苏竡笑了,这大概是粲澈第一次见对方笑的这么真切,不自在地缩了缩手指,粲澈开始迟疑……自己为什么要答应——
这个明显是他吃亏的协议。
难不成他还真对这个虫动心了?怎么可能,且不说自己曾真切地在对方手下死过一回,就他们的身份来说,这也是绝对不行的,他有属于自己的骄傲。
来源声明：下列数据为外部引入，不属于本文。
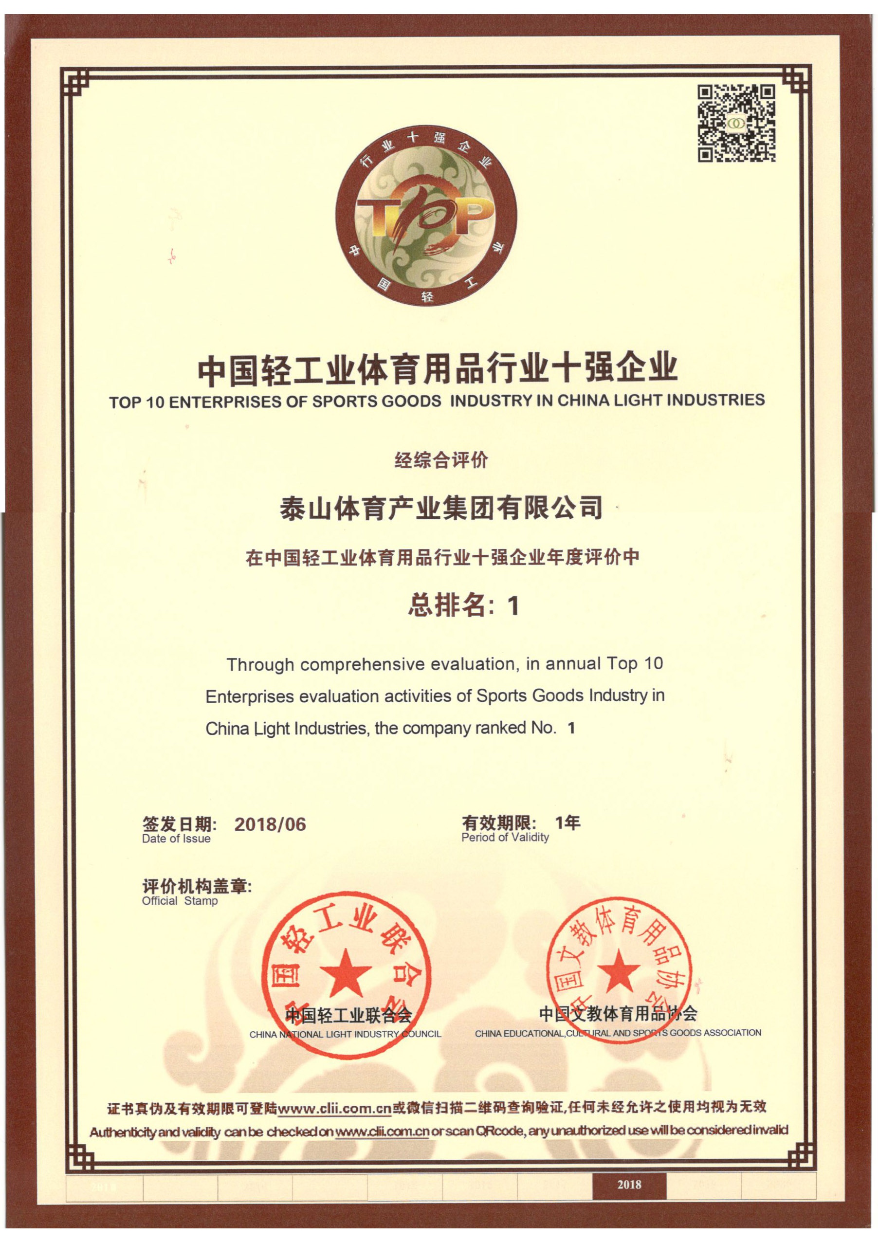 米兰集团集团是全国体育用品标准化技术委员会副主任单位、中国文教体育用品协会健身和体育器材专委会主任单位、全国轻工行业先进集体、全国群众体育先进单位、国家制造业单项冠军示范企业、国家体育产业示范单位,连续多年荣获中国轻工业体育用品行业十强。拥有多个国家级研发平台,承担国家科技支撑计划2个,火炬计划3个。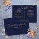 An elegant wedding details information enclosure card personalized with your special details set in stylish gold typography and your names and wedding date on the reverse on a navy blue background. You can customize the background to your favorite wedding theme color. Designed by Thisisnotme©

而且……如果他是苏竡,也绝对不会为了活着就低下头,所以——
“现在也不是不行,”粲澈半托着下巴,清俊的侧脸带着些许星河的迷离,“靠近一点。”
苏竡拿不准,只是如他所说那样靠近了。
感受到自己头顶落下一小片黑暗,那带着温度的手压了下来。
细细的精神力顺着手掌流向他干瘪的精神海,在混乱的海域内交错疏通,那种感觉很神奇,就像是长久被刀扎的动物突然被拔去了那血淋淋的刀柄,痛苦却又清醒,只余下那微妙的舒爽。
苏竡还是半跪的姿势,他早就发现了,这个小殿下虽然说是不太喜欢军雌,但他格外喜欢这种低卑的姿势,喜欢居高临下地看着自己。
不出所料地,他从那粲澈的眸里看到了那种情绪,以及一些说不清道不明的怜悯。
头顶那手很快就收回去了,那温热的感觉一触即离,像是苏竡一厢情愿的幻觉,但那精神海难有的一片清明,却让他很清楚地知道,不是的。
“一点点来,不然苏大元帅也许会受不住呢。”
头顶响起了那带着调侃的声音,苏竡说不清这种感觉,明明他还有更多的选择,随便去联邦绑一个雄虫逼着都可以解决的虫化问题,但他却执意地还是到了这个粲澈的身边。